(Assigned task)
Using the records below, quote only the span that opens with the line containing "Notes: Right time" and closes with the line containing "国家营养餐工程自2011年秋", exactly and inclusively.

(The data)
◆ ◆ ◆ ◆ ◆

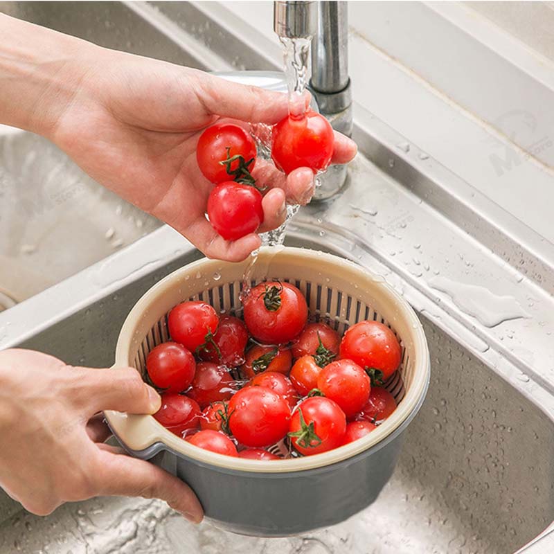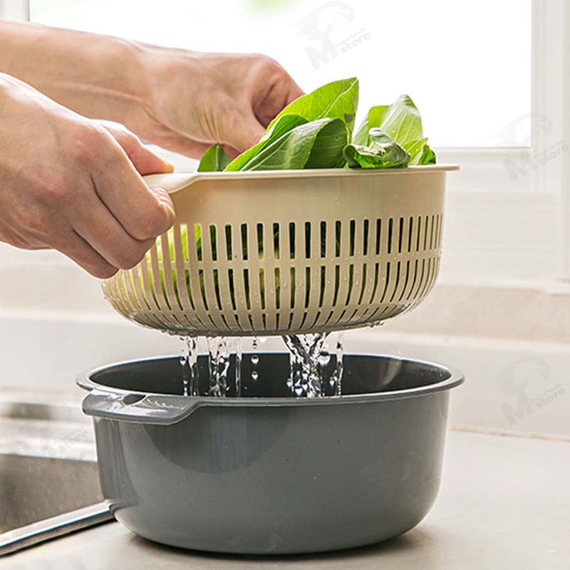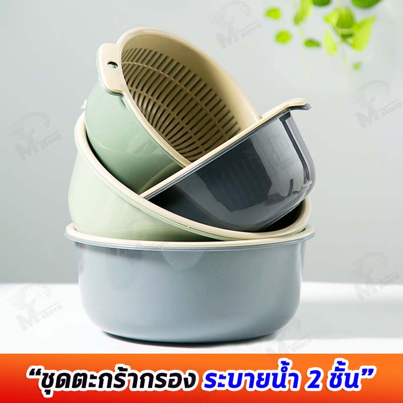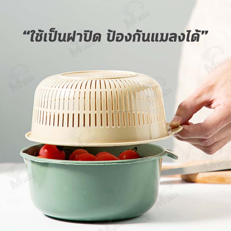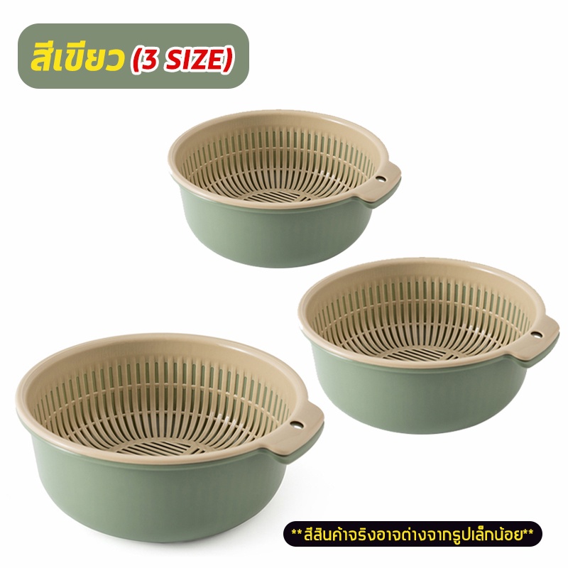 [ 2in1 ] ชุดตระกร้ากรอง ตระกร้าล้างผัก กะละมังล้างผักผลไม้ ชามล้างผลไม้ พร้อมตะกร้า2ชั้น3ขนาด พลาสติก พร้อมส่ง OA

◆ ◆ ◆ ◆ ◆

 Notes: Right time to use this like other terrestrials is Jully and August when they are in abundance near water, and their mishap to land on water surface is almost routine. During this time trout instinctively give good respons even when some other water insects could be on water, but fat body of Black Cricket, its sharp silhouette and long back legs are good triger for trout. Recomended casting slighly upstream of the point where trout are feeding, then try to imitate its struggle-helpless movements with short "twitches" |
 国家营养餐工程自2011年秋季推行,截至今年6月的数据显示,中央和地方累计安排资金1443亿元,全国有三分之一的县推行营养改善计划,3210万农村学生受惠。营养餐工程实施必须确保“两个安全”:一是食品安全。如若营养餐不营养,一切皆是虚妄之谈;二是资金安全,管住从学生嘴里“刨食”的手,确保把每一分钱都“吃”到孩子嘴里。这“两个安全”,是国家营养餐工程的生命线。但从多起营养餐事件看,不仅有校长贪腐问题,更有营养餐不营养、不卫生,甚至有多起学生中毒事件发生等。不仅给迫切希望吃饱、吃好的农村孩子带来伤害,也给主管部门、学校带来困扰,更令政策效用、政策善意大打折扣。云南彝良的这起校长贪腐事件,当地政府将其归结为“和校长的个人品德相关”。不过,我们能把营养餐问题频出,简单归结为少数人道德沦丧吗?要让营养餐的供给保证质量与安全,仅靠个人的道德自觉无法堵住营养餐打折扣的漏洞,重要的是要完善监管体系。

◆ ◆ ◆ ◆ ◆

(Response to this exercise)
 Notes: Right time to use this like other terrestrials is Jully and August when they are in abundance near water, and their mishap to land on water surface is almost routine. During this time trout instinctively give good respons even when some other water insects could be on water, but fat body of Black Cricket, its sharp silhouette and long back legs are good triger for trout. Recomended casting slighly upstream of the point where trout are feeding, then try to imitate its struggle-helpless movements with short "twitches" |
 国家营养餐工程自2011年秋季推行,截至今年6月的数据显示,中央和地方累计安排资金1443亿元,全国有三分之一的县推行营养改善计划,3210万农村学生受惠。营养餐工程实施必须确保“两个安全”:一是食品安全。如若营养餐不营养,一切皆是虚妄之谈;二是资金安全,管住从学生嘴里“刨食”的手,确保把每一分钱都“吃”到孩子嘴里。这“两个安全”,是国家营养餐工程的生命线。但从多起营养餐事件看,不仅有校长贪腐问题,更有营养餐不营养、不卫生,甚至有多起学生中毒事件发生等。不仅给迫切希望吃饱、吃好的农村孩子带来伤害,也给主管部门、学校带来困扰,更令政策效用、政策善意大打折扣。云南彝良的这起校长贪腐事件,当地政府将其归结为“和校长的个人品德相关”。不过,我们能把营养餐问题频出,简单归结为少数人道德沦丧吗?要让营养餐的供给保证质量与安全,仅靠个人的道德自觉无法堵住营养餐打折扣的漏洞,重要的是要完善监管体系。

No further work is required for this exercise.